As an aside, the last entry is an especially interesting case: it is the first machine-generated research book! The “author” Beta Writer was developed in a joint effort and in collaboration between Springer and researchers from Goethe University, Frankfurt. The book is a cross-corpora auto-summarization of current texts from SpringerLink, organized by means of a similarity-based clustering routine in coherent chapters and sections. It automatically condenses a large set of papers into a reasonably short book. More technical details of this fascinating endeavor, with the potential to revolutionize scientific publishing, can be found in the preface of the book.
By clicking on the link you will directly be directed to the respective book page, where you can download the pdf and in most cases also an epub file (bonus tip: in most cases you can also download a free version of the book for your kindle on amazon.com). To get clickable links you need to render an HTML markdown document. Otherwise, if you run it in RStudio directly you will have to copy and paste the links into your browser.
You just have to run the script from time to time to see what is new!
If you want to customize the data retrieved from link.springer.com have a look at their search interface:
You can customize your search by changing the values in the blue boxes. To get the URL which you can paste in the read.csv
function above just right click on the button with the down arrow at the upper right corner (marked by the blue arrow) and choose “Copy link address” in the context menu.

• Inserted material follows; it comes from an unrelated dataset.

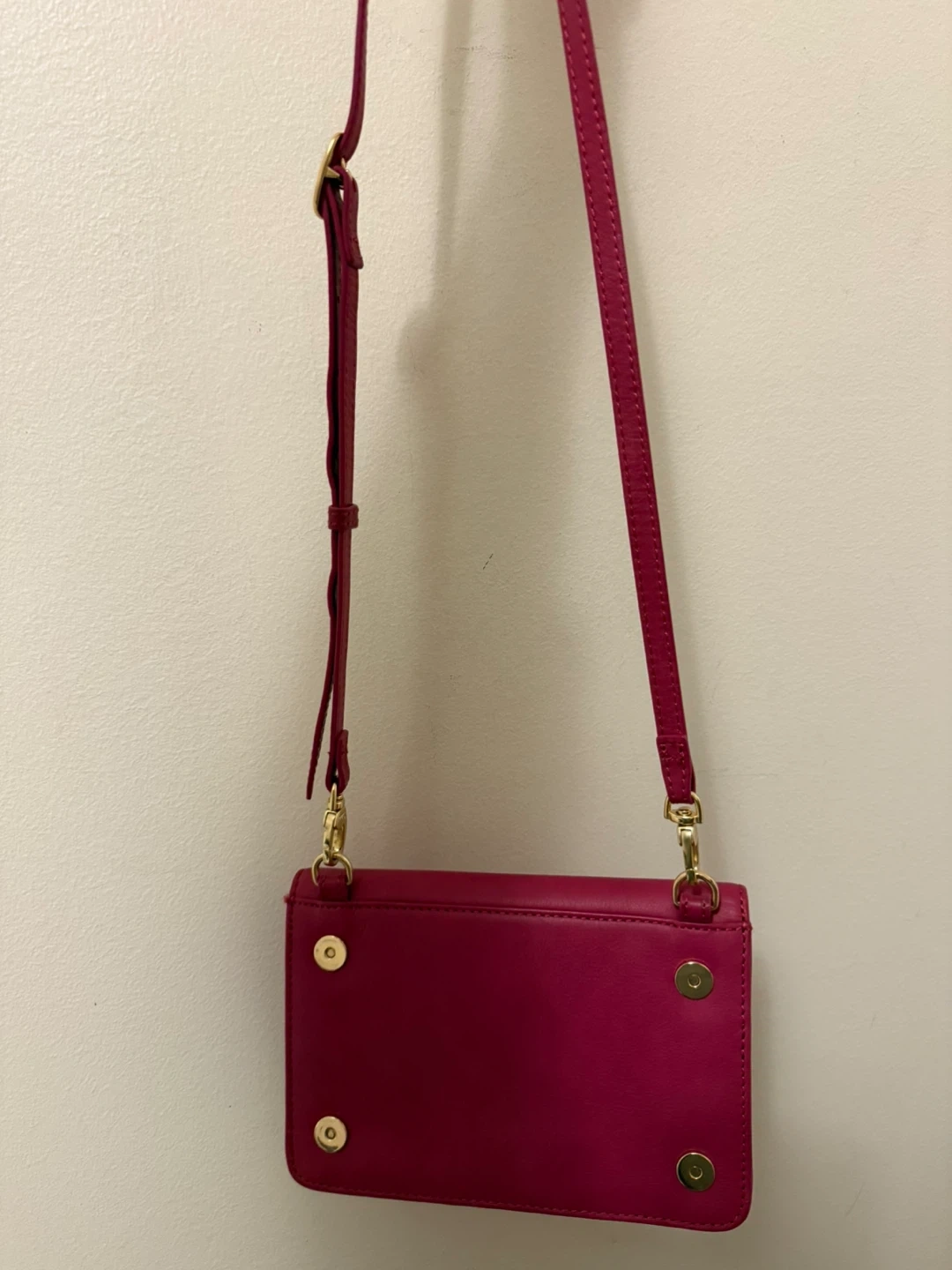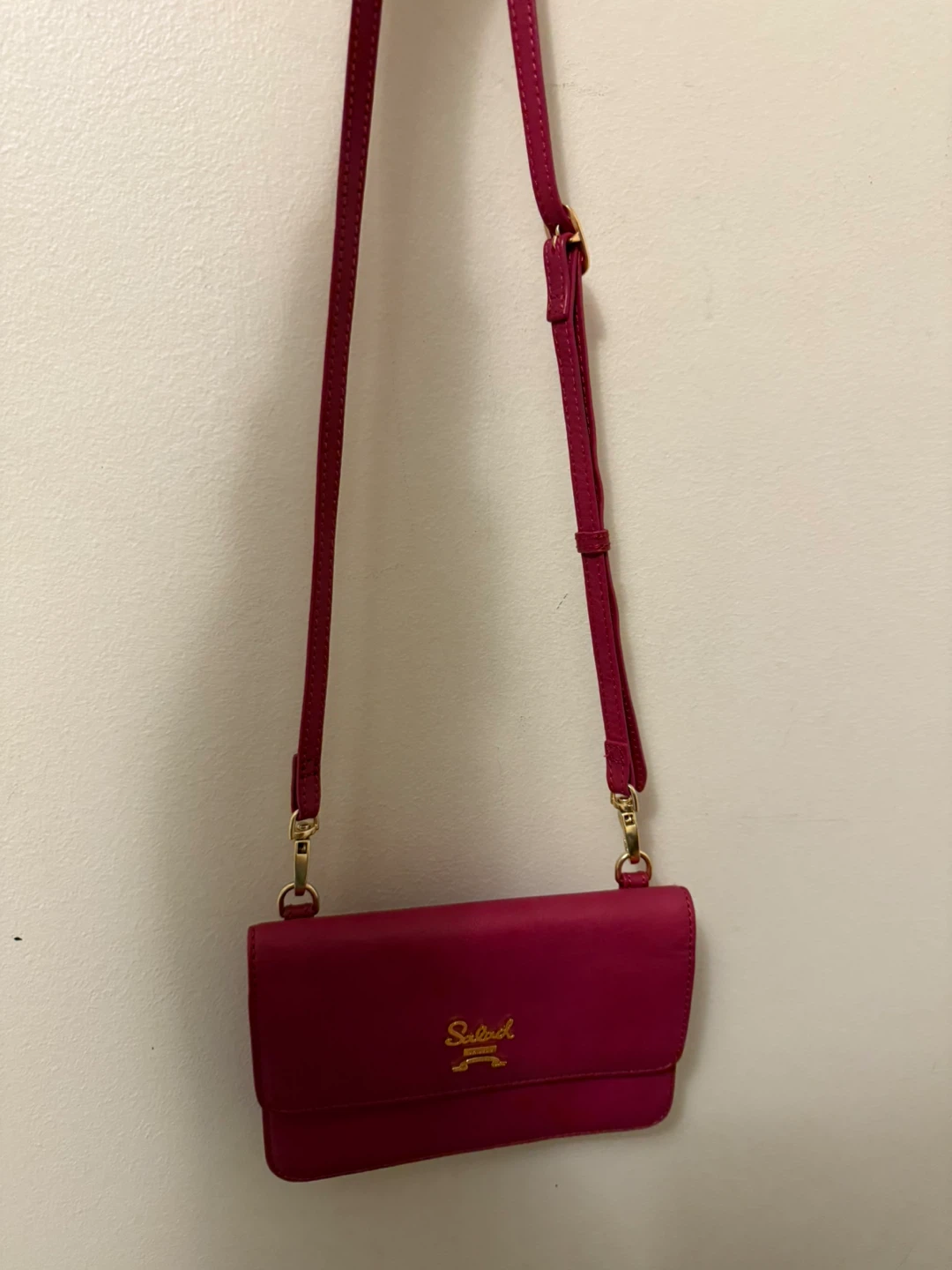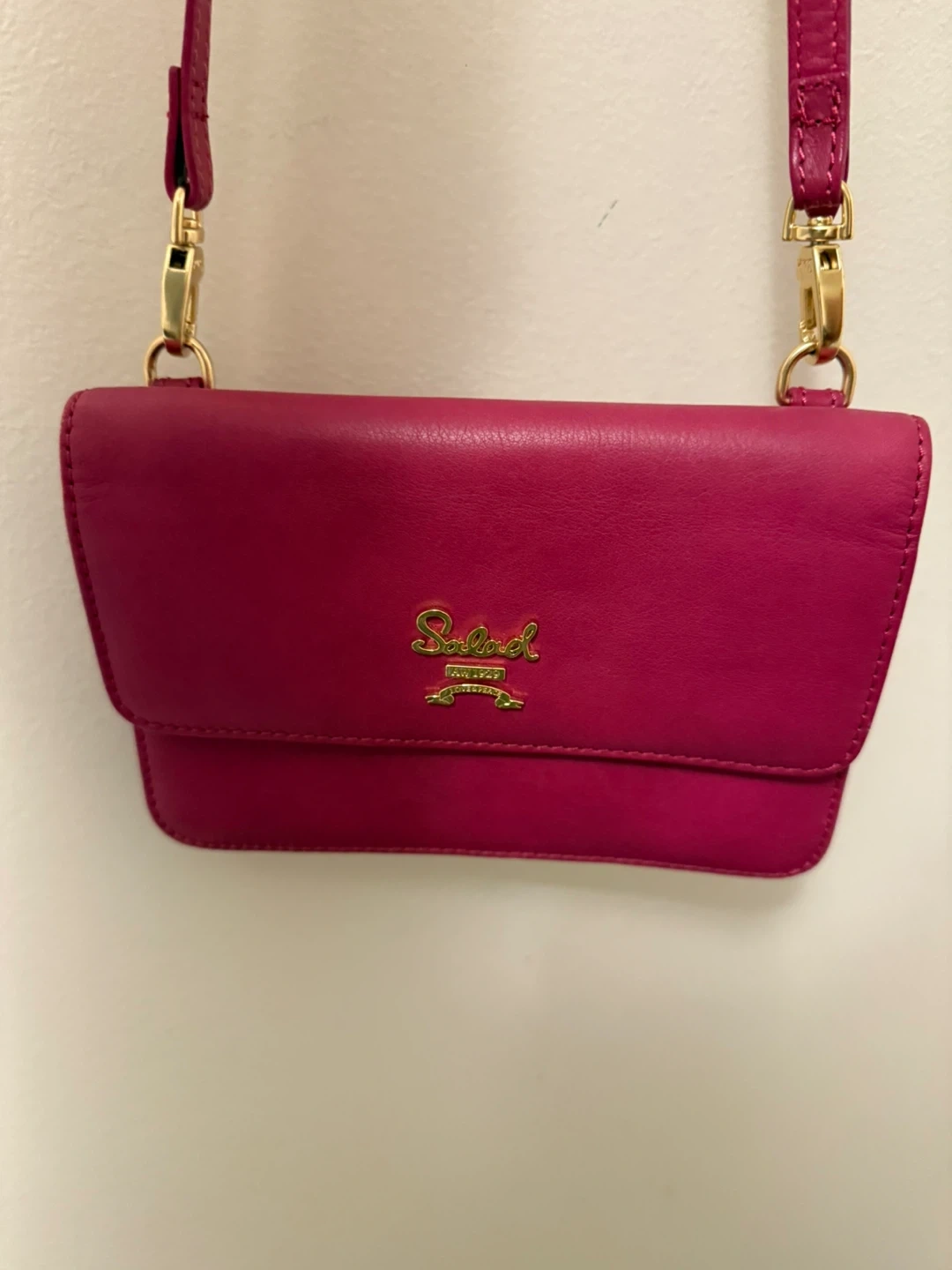A cute Salad brand crossbody bag in a vibrant raspberry colour! It's perfect for carrying your essentials while keeping your hands free

In case you want to completely reset the database you can use the following function (with care):
# function for resetting the springer database reset_springer_db <- function() { springer_db <- dbConnect(RSQLite::SQLite(), "my-db.sqlite") dbRemoveTable(springer_db, "search") dbDisconnect(springer_db) }
One small thing: although I tried my very best there still seems to be an issue with the encoding… some special characters, like the German umlauts äöüÄÖÜ, are just not rendered. If you have a solution for me please leave it in the comments and I will add it to the post (or perhaps even write a post on the issues of encoding in R, RStudio and Windows).
To fix the special characters, try this:
Thank you, Jonathan
Unfortunately, it doesn’t work for me:
Any thoughts?
Thx for the post!
How did you identified the open access with your query?
Well, if you are not logged in to their site and don’t have access to one of their packages only open access titles will be displayed.